# Exercise description:
Take the line that contains "期間中、参加条件を達成して応" and each line after it to the end of the data below, and set them down exactly, omitting pictures.

# Source data:
--- START ---
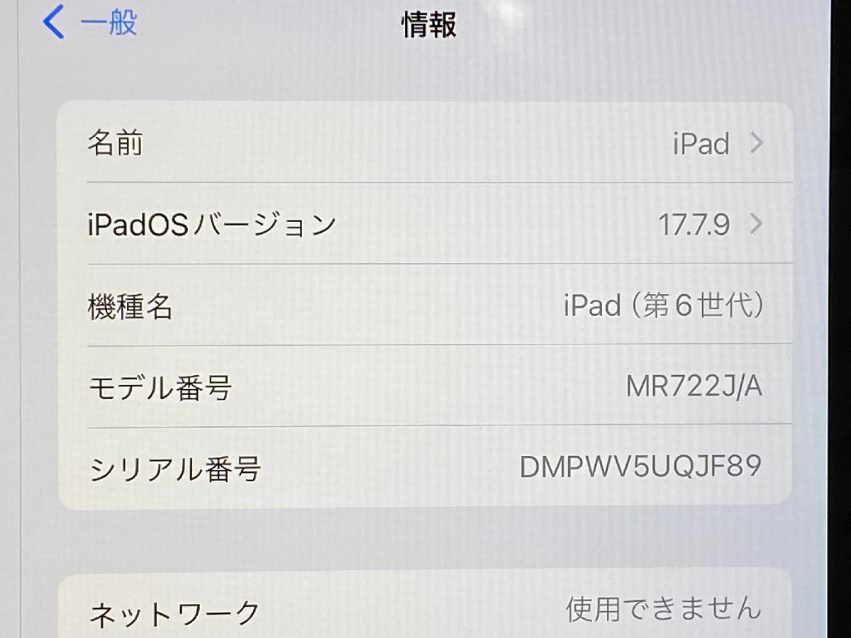 | 品名型番 | ipad6 A1954 MR722J/A | 光学ドライブ | - |
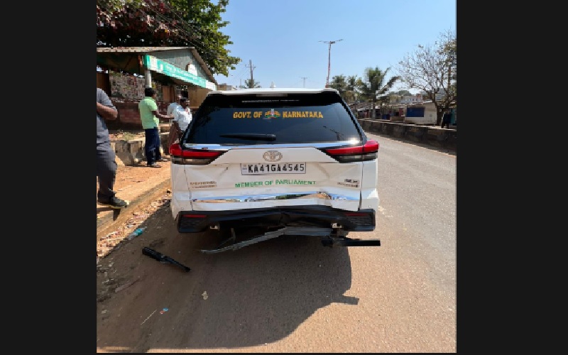 ಅಪಾಯದಿಂದ ಪಾರಾದ ಸಂಸದರು ಎಸ್ಕಾರ್ಟ್ ವಾಹನದಲ್ಲೇ ವಿಮಾನ ನಿಲ್ದಾಣಕ್ಕೆ ತೆರಳಿ ಪ್ರಯಾಣ ಮುಂದುವರಿಸಿದ್ದಾರೆ.
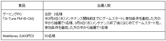 期間中、参加条件を達成して応募することで、ゲーミングPC「G-Tune PM-B-CM」や「WebMoney3,900円分」が抽選で当たります。
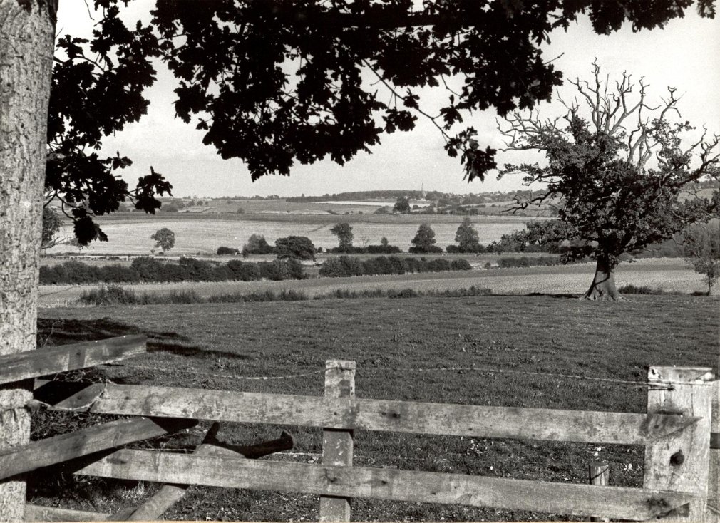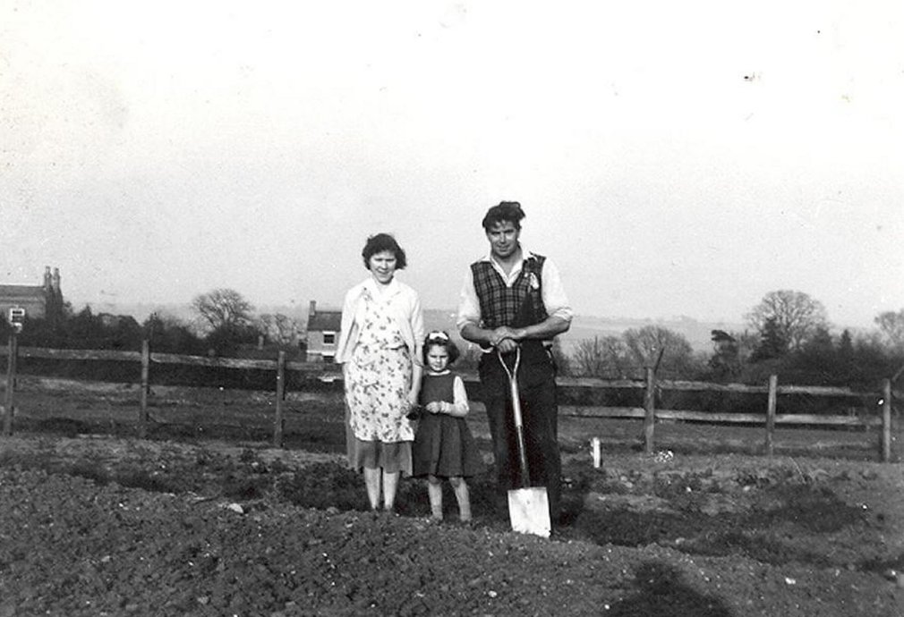Ursula, Julia & Lewis Dickens ('Nigger') in their garden in Orchard Close with, in the background, the land before Ryefields was built
--- END ---
# Exercise response:
 期間中、参加条件を達成して応募することで、ゲーミングPC「G-Tune PM-B-CM」や「WebMoney3,900円分」が抽選で当たります。
Ursula, Julia & Lewis Dickens ('Nigger') in their garden in Orchard Close with, in the background, the land before Ryefields was built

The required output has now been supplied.